The lines wanted are those from the one containing "クリスマスのプレゼントボック" to the last line of the entries below; output them exactly, leaving out pictures.
==== RECORDS SHOWN
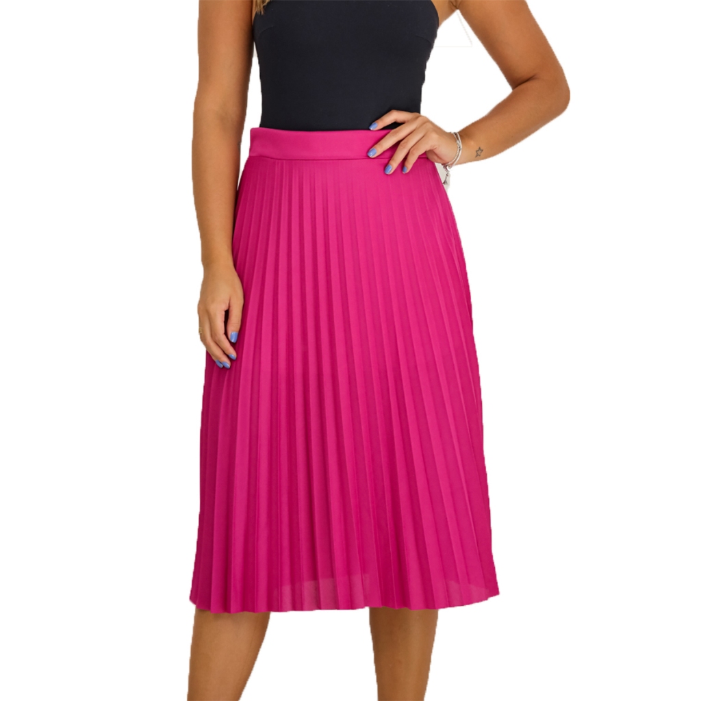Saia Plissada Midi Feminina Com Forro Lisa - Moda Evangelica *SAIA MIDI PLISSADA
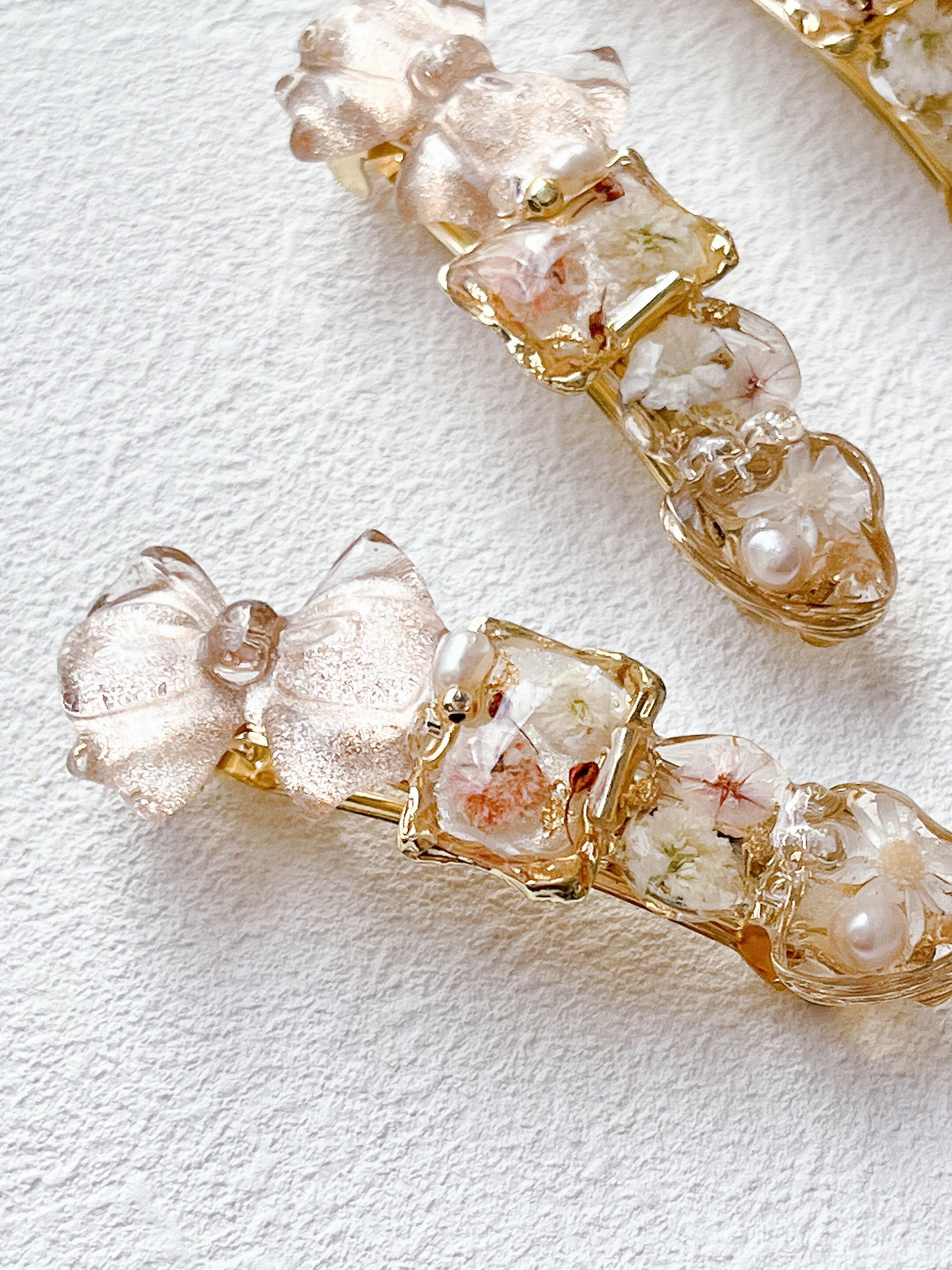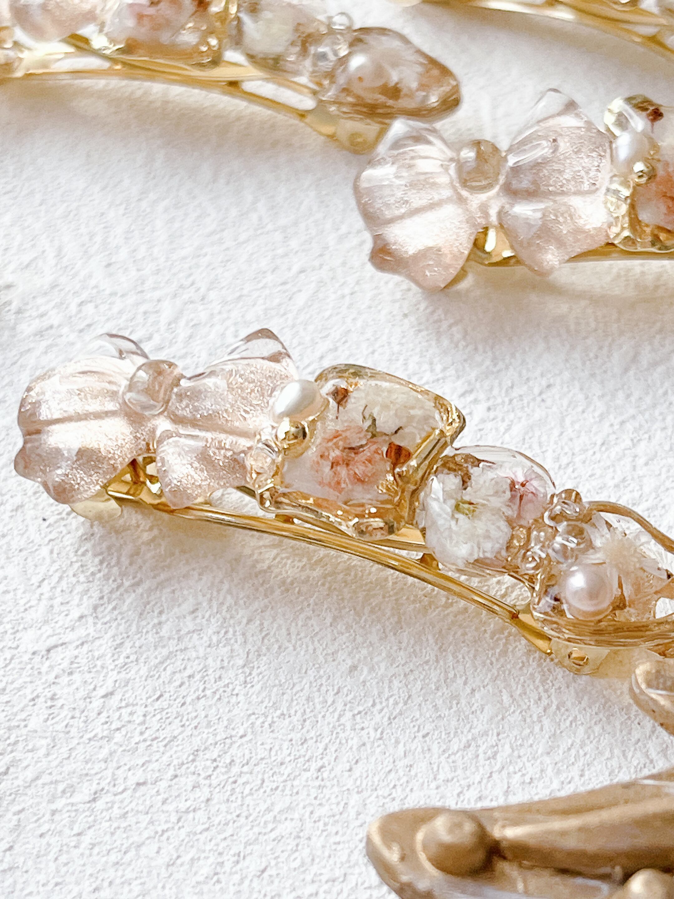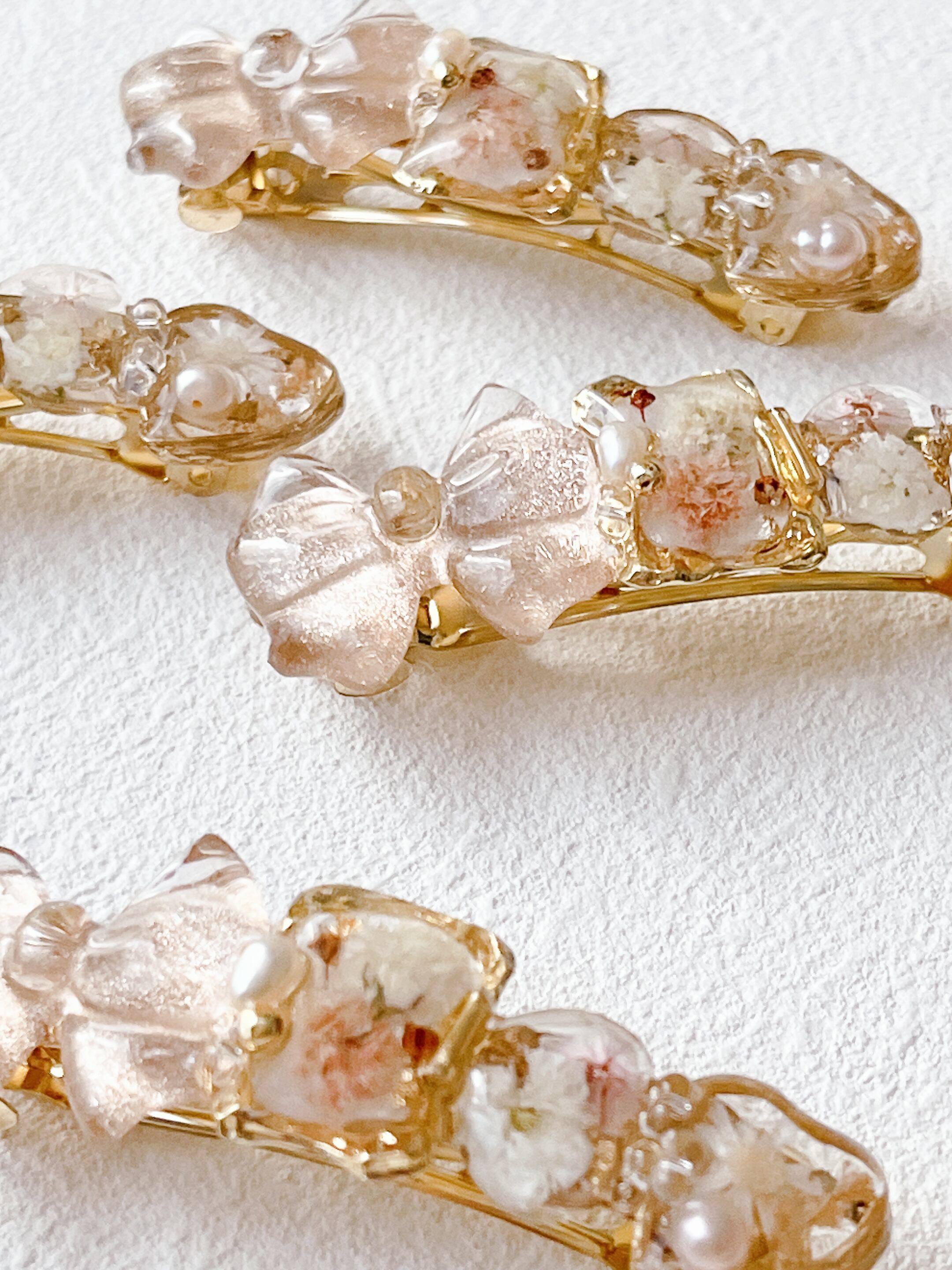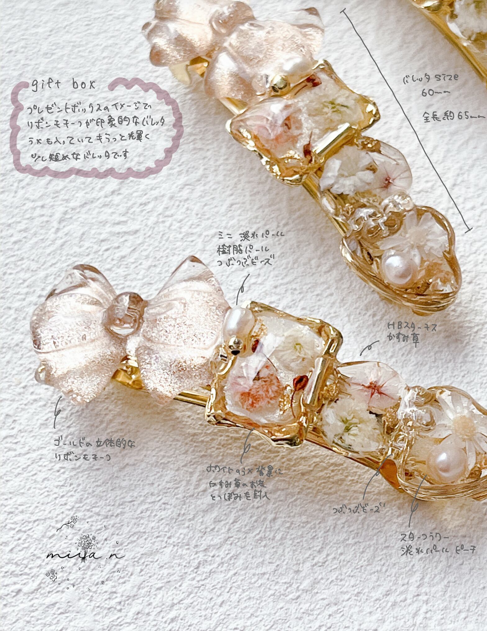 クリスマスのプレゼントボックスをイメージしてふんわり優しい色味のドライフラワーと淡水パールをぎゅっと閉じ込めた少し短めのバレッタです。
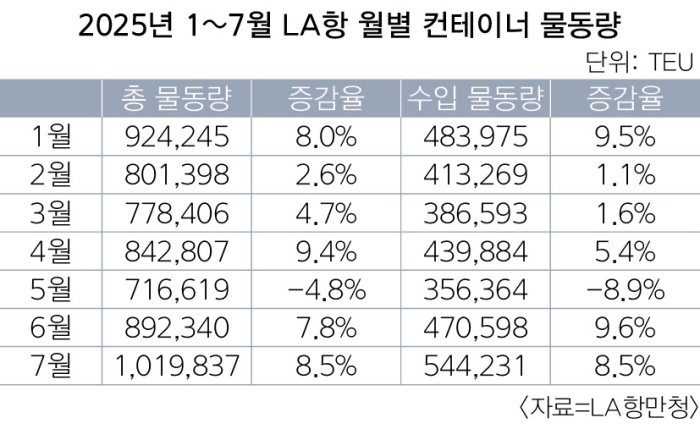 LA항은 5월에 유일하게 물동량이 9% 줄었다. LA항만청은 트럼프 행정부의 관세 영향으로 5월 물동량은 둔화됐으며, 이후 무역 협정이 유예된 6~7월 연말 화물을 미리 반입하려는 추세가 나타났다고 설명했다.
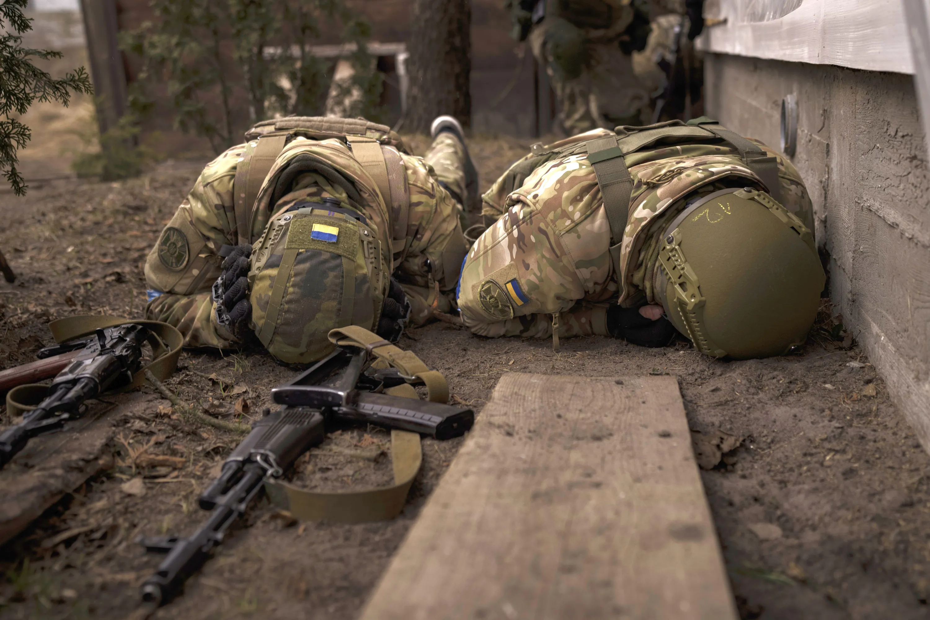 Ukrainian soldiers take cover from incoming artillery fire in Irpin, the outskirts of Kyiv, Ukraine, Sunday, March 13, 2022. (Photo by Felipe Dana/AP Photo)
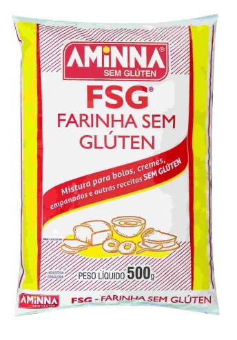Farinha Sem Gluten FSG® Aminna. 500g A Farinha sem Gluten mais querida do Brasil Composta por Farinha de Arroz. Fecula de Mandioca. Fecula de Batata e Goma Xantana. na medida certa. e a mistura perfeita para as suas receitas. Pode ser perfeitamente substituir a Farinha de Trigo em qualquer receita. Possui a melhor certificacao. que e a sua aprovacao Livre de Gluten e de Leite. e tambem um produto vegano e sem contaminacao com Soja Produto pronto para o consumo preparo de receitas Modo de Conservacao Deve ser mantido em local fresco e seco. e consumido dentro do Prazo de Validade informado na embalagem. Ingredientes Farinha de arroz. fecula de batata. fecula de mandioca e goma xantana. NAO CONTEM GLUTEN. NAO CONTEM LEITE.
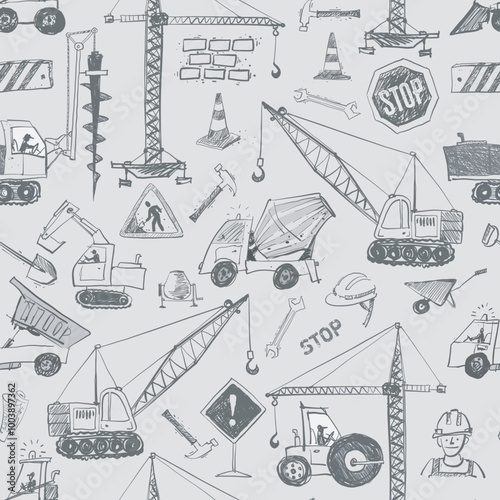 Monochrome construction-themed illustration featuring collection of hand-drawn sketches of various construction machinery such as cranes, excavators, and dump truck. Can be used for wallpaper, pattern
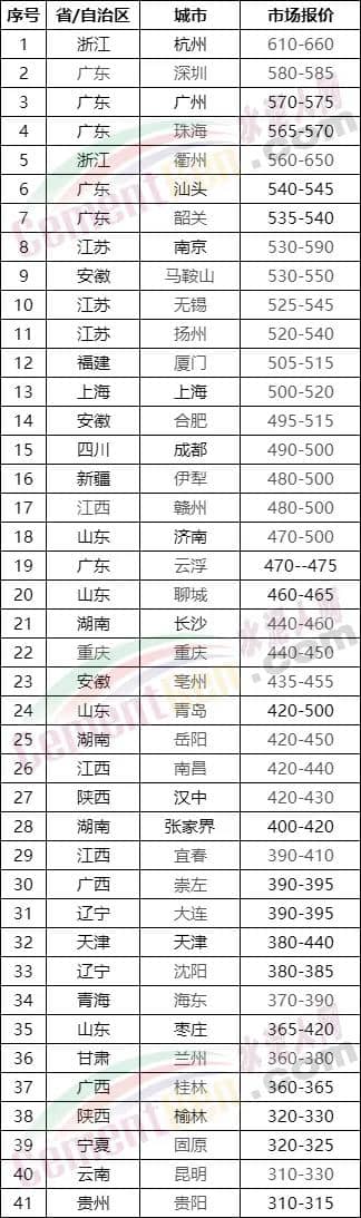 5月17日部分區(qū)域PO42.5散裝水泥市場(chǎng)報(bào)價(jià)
========
RESPONSE TO THIS EXERCISE:
 クリスマスのプレゼントボックスをイメージしてふんわり優しい色味のドライフラワーと淡水パールをぎゅっと閉じ込めた少し短めのバレッタです。
 LA항은 5월에 유일하게 물동량이 9% 줄었다. LA항만청은 트럼프 행정부의 관세 영향으로 5월 물동량은 둔화됐으며, 이후 무역 협정이 유예된 6~7월 연말 화물을 미리 반입하려는 추세가 나타났다고 설명했다.
 Ukrainian soldiers take cover from incoming artillery fire in Irpin, the outskirts of Kyiv, Ukraine, Sunday, March 13, 2022. (Photo by Felipe Dana/AP Photo)
Farinha Sem Gluten FSG® Aminna. 500g A Farinha sem Gluten mais querida do Brasil Composta por Farinha de Arroz. Fecula de Mandioca. Fecula de Batata e Goma Xantana. na medida certa. e a mistura perfeita para as suas receitas. Pode ser perfeitamente substituir a Farinha de Trigo em qualquer receita. Possui a melhor certificacao. que e a sua aprovacao Livre de Gluten e de Leite. e tambem um produto vegano e sem contaminacao com Soja Produto pronto para o consumo preparo de receitas Modo de Conservacao Deve ser mantido em local fresco e seco. e consumido dentro do Prazo de Validade informado na embalagem. Ingredientes Farinha de arroz. fecula de batata. fecula de mandioca e goma xantana. NAO CONTEM GLUTEN. NAO CONTEM LEITE.
 Monochrome construction-themed illustration featuring collection of hand-drawn sketches of various construction machinery such as cranes, excavators, and dump truck. Can be used for wallpaper, pattern
 5月17日部分區(qū)域PO42.5散裝水泥市場(chǎng)報(bào)價(jià)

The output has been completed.